■ Exercise objective ■
Return the records word for word. Pictures do not belong in the copy.

Top of Dataset extract

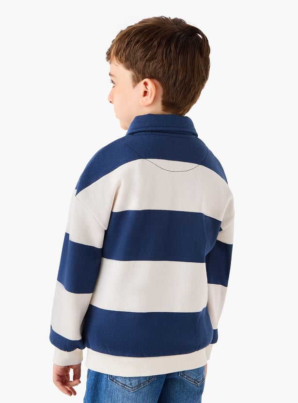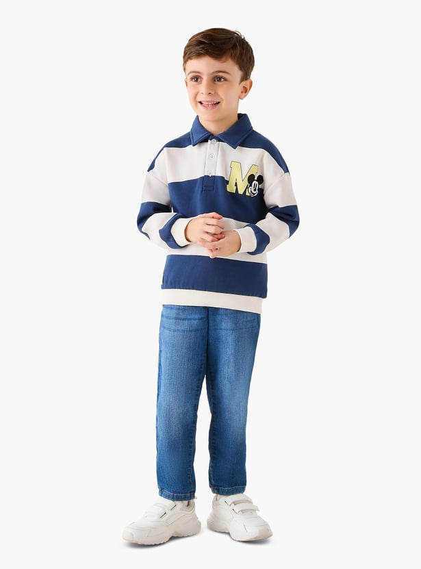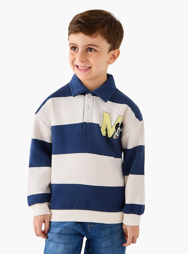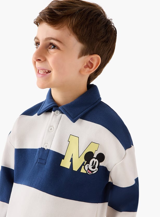 Update your young one's wardrobe with this charming boys' polo sweatshirt, featuring a classic bold stripe design. Crafted from a soft fabric, this long sleeve sweatshirt ensures all-day comfort, while the smart collar and button placket provide a polished look. The embroidered Mickey Mouse detail adds a playful touch, making this a standout piece.
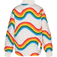 Gesteppte, beige Thermojacke aus 100 % recyceltem Polyester mit einem Allover-Print aus wellenförmigen Regenbögen. Die Jacke hat Seitentaschen, Rippbündchen an Hals und Handgelenken und einen versteckten Reißverschluss, der durch einen Windstopper mit praktischen Druckknöpfen verdeckt wird. Thermokleidung ist ideal in der Übergangszeit, wenn die Winteroberbekleidung zu warm oder die Sommerjacke zu kalt ist.
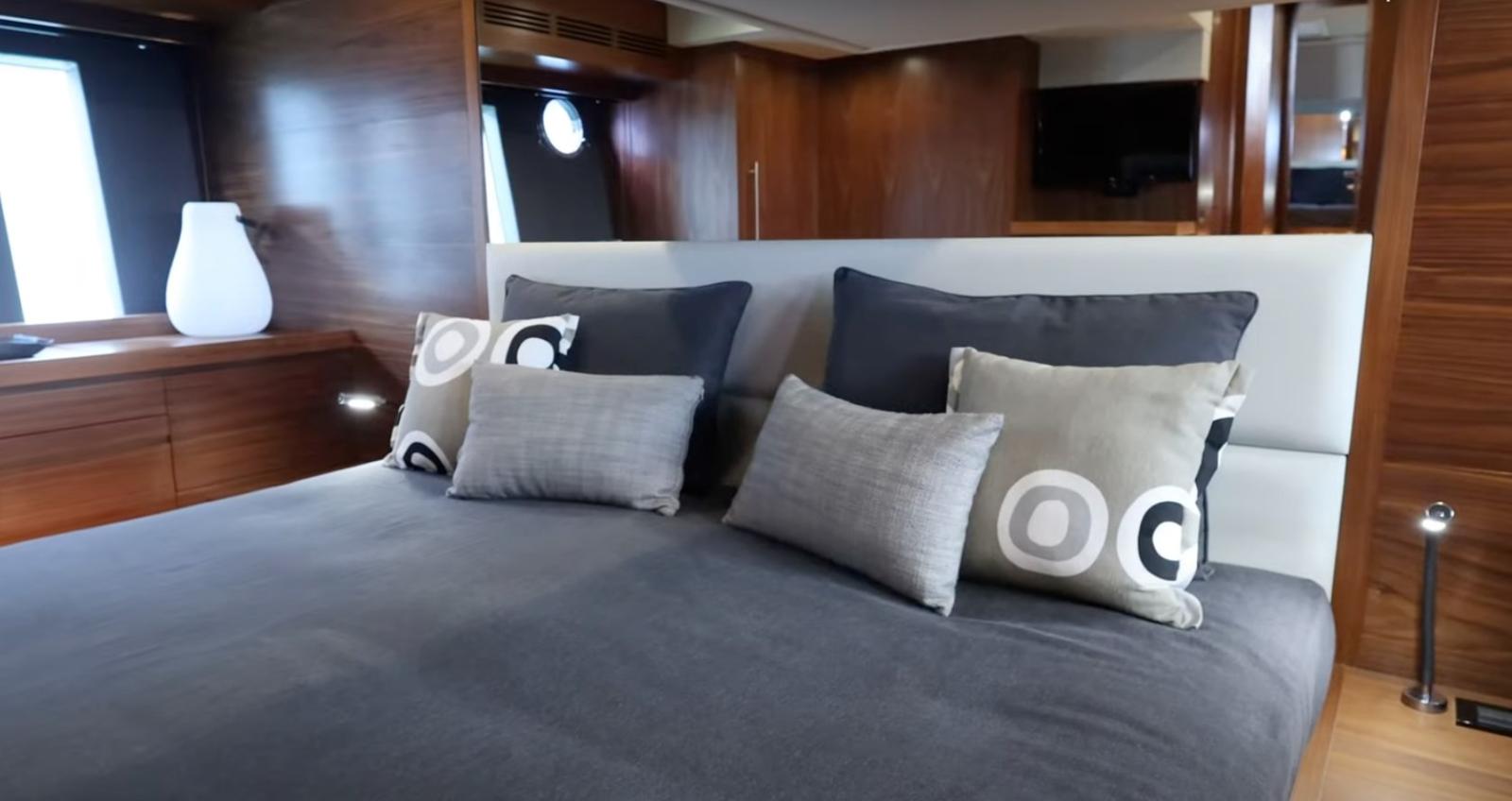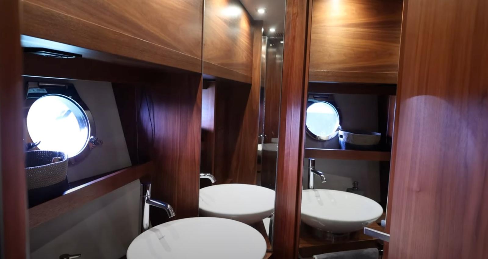 Cabine principale avec lit double et salle de bain - cabine VIP avec lit double et salle de bain - cabine d’amis avec deux lits plats et salle de bain.
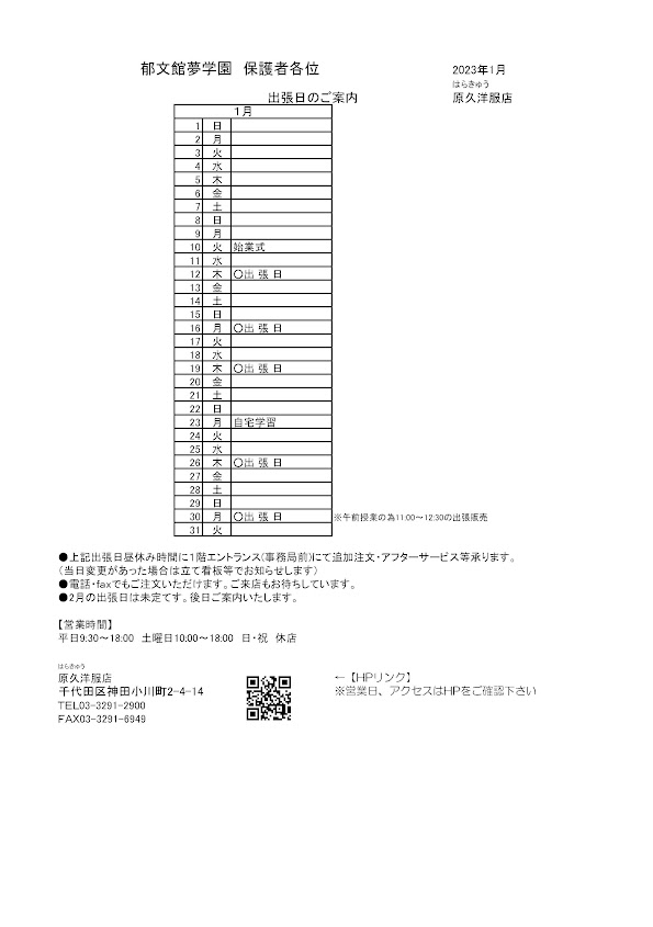 2023年1月 制服出張販売のご案内
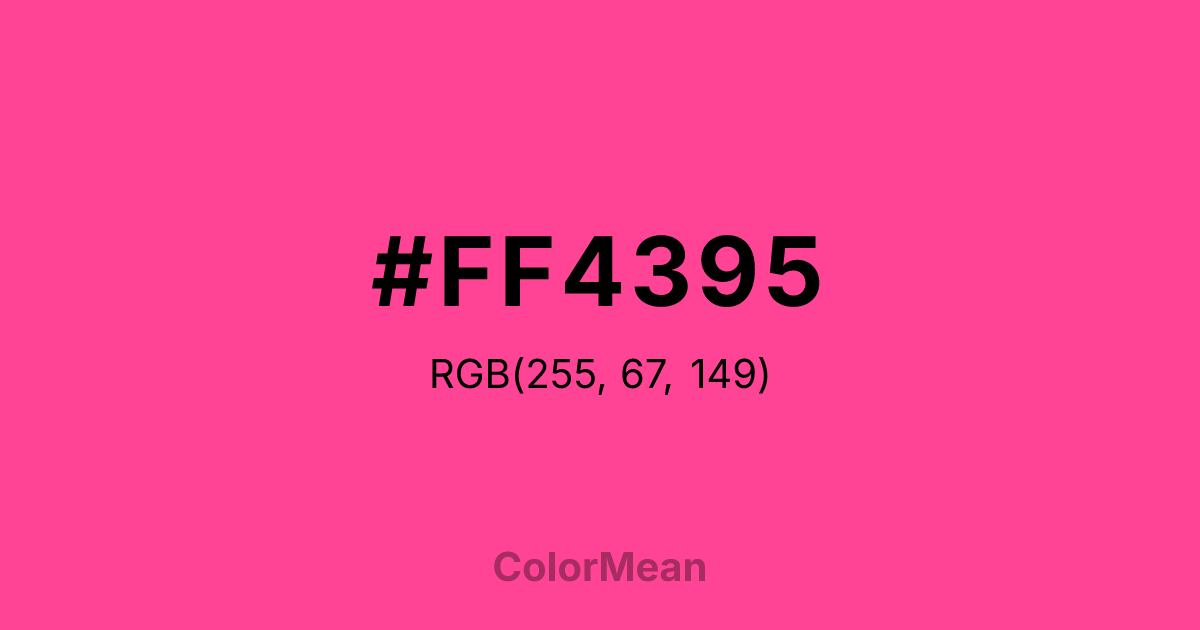 #FF4395 RGB value is (255, 67, 149). The hex color red value is 255, green is 67, and blue is 149. Its HSL format shows a hue of 334°, saturation of 100 percent, and lightness of 63 percent. The CMYK process values are 0 percent, 74 percent, 42 percent, 0 percent.

Bottom of Dataset extract

■ Result below ■
 Update your young one's wardrobe with this charming boys' polo sweatshirt, featuring a classic bold stripe design. Crafted from a soft fabric, this long sleeve sweatshirt ensures all-day comfort, while the smart collar and button placket provide a polished look. The embroidered Mickey Mouse detail adds a playful touch, making this a standout piece.
 Gesteppte, beige Thermojacke aus 100 % recyceltem Polyester mit einem Allover-Print aus wellenförmigen Regenbögen. Die Jacke hat Seitentaschen, Rippbündchen an Hals und Handgelenken und einen versteckten Reißverschluss, der durch einen Windstopper mit praktischen Druckknöpfen verdeckt wird. Thermokleidung ist ideal in der Übergangszeit, wenn die Winteroberbekleidung zu warm oder die Sommerjacke zu kalt ist.
 Cabine principale avec lit double et salle de bain - cabine VIP avec lit double et salle de bain - cabine d’amis avec deux lits plats et salle de bain.
 2023年1月 制服出張販売のご案内
 #FF4395 RGB value is (255, 67, 149). The hex color red value is 255, green is 67, and blue is 149. Its HSL format shows a hue of 334°, saturation of 100 percent, and lightness of 63 percent. The CMYK process values are 0 percent, 74 percent, 42 percent, 0 percent.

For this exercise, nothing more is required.